Justice of the Illinois Supreme Court
- Incumbent
- Assumed office December 1, 2022
- Preceded by: Anne M. Burke

Personal details
- Born: 1951 (age 74–75)
- Party: Democratic
- Education: City College of New York (BS) John Marshall Law School (JD)

= Joy Cunningham =

American judge (born 1951 or 1952)

Joy Virginia Cunningham (born 1951) is an American lawyer from Illinois who serves as a justice of the Illinois Supreme Court. She previously served as a justice of the Illinois First District Appellate Court from 2016 until 2022. Before becoming a lawyer, she worked as a nurse, and later worked as counsel for several university hospital systems.

==Early life and education==
Cunningham is a New York native. She received a Bachelor of Science from the City College of New York in 1975, working as a nurse before attending law school and going on to receive a Juris Doctor from the John Marshall Law School in 1982.

==Career==
In 1982, she served as an assistant attorney general in the Office of the Illinois Attorney General, she then served as a law clerk to First District Appellate Court Justice Glenn T. Johnson. She later served as associate general counsel and chief counsel for healthcare at Loyola University Chicago for ten years. In 1996, Cunningham was sworn in as an associate judge of Cook County Circuit Court where she was assigned to the civil trial division. She served in that capacity until 2000, thereafter she served as senior vice president, general counsel and corporate secretary at Northwestern Memorial Healthcare. In 2006, she was elected as a justice of the First District Appellate Court, assuming office in December that year, and she was retained by voters in 2016. In 2012, she ran for a seat on the Illinois Supreme Court, to permanently fill the seat left by the vacancy of Justice Thomas R. Fitzgerald but lost the primary to then-incumbent appointee Mary Jane Theis.

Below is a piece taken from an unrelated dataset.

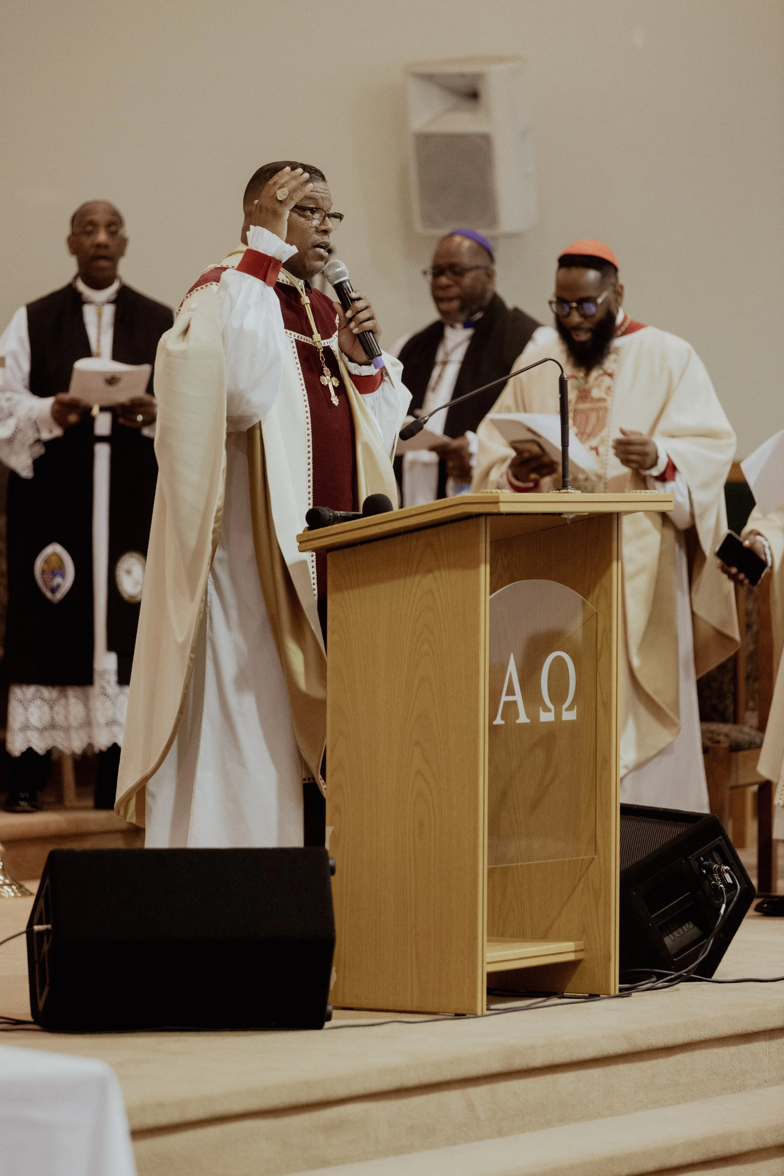Having served the Lord’s church for over two decades, his portfolio as a churchman is quite comprehensive. With his rich background in ecclesiastical order, worship and liturgy, Bishop Smith has garnered the respect of his peers. Some of his principal tasks and accomplishments have been organizing and preparing ceremonies for Episcopal Consecrations and Holy Ordinations and creating credentials for the same, establishing the New Covenant Christian Worship Center in Charlotte, North Carolina, and founding the accredited institution of Transfiguration Theological Seminary, where he currently serves as President. Bishop Smith continues to serve the universal Church as an Episcopal Consultant for various denominational leaders and is a sought-after authority in matters of ceremony, heraldry, liturgy and ecclesiastical protocol.

===Appointment to Illinois Supreme Court===
On September 12, 2022, she was appointed by the court as a justice of the Illinois Supreme Court to succeed retiring Chief Justice Anne M. Burke. Her term began on December 1, 2022. With her appointment, Cunningham became the second black woman appointed to the court in 2022, and as of 2022, she is one of three Black people serving at the same time on the court.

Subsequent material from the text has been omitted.